ASSIGNMENT >> Copy all lines below exactly as written. Leave pictures out.

INFORMATION SUPPLIED >>
• • • • •

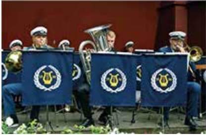
BILLINGSBYGDEN Årgång 46 2020
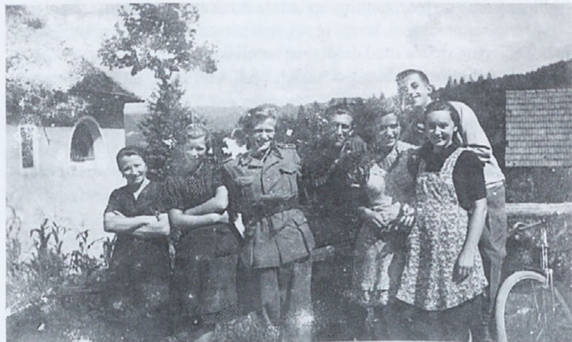
Vaški zaupni prijatelji

Sklenil je, da bo še posebno previden v svojih mislih in besedah, vedel je, da sleherna misel v besedi zapušča globoko sled v človekovi, zlasti mladi duši.
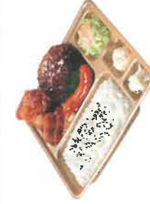
ミックスグラル弁当 税込590円 スペシャルミックスグラル弁当 税込790円 ◎ハンバーグ ◎チキンステーキ ◎ソーセージ
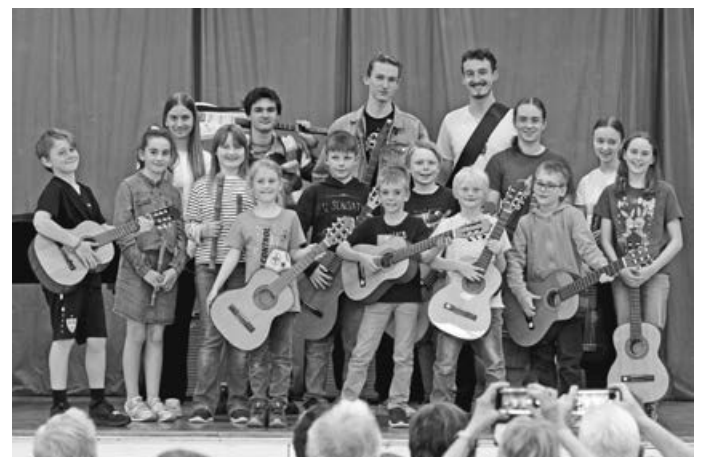
Gitarren, Blockflöten und strahlende Gesichter
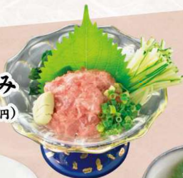
ねぎとろつまみ 580 円(税込 638円)
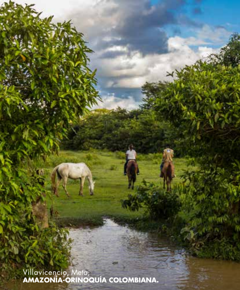
Villavicencio, Meta, AMAZONÍA-ORINOQUÍA COLOMBIANA.
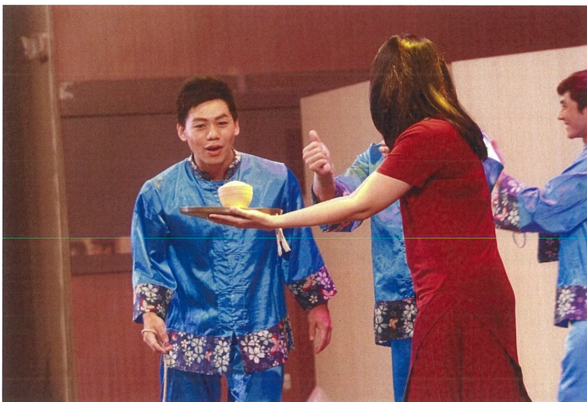
圖 10：團員在印尼棉蘭場次邀請觀眾上臺互動打陀螺，廣受觀眾好評。
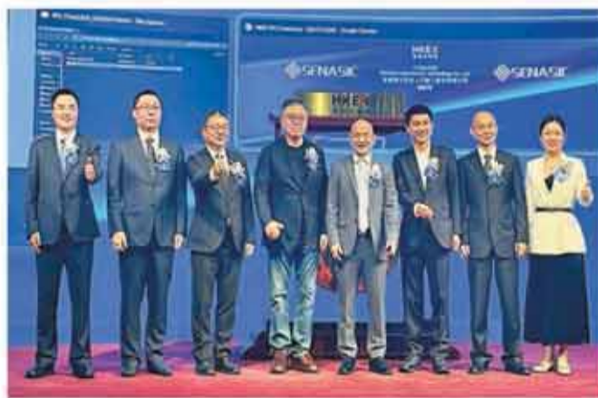
瑤捷電子科技首掛表現亮眼，大升1.27倍，一手賺4668元。

至於印尼上市的金礦商Merdeka（6228）昨日至下周二（23日）招股，計劃全球發售8966.86萬份銷售
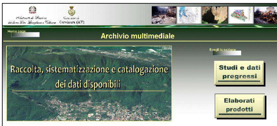
Schermata di interfaccia iniziale con l'Archivio multimediale

Si riporta di seguito l'immagine dell'interfaccia iniziale dell'archivio, nella quale è possibile visualizzare i pulsanti di azione che consentono l'accesso alle due sezioni.

• • • • •

EXERCISE ANSWER >>
BILLINGSBYGDEN Årgång 46 2020
Vaški zaupni prijatelji

Sklenil je, da bo še posebno previden v svojih mislih in besedah, vedel je, da sleherna misel v besedi zapušča globoko sled v človekovi, zlasti mladi duši.
ミックスグラル弁当 税込590円 スペシャルミックスグラル弁当 税込790円 ◎ハンバーグ ◎チキンステーキ ◎ソーセージ
Gitarren, Blockflöten und strahlende Gesichter
ねぎとろつまみ 580 円(税込 638円)
Villavicencio, Meta, AMAZONÍA-ORINOQUÍA COLOMBIANA.
圖 10：團員在印尼棉蘭場次邀請觀眾上臺互動打陀螺，廣受觀眾好評。
瑤捷電子科技首掛表現亮眼，大升1.27倍，一手賺4668元。

至於印尼上市的金礦商Merdeka（6228）昨日至下周二（23日）招股，計劃全球發售8966.86萬份銷售
Schermata di interfaccia iniziale con l'Archivio multimediale

Si riporta di seguito l'immagine dell'interfaccia iniziale dell'archivio, nella quale è possibile visualizzare i pulsanti di azione che consentono l'accesso alle due sezioni.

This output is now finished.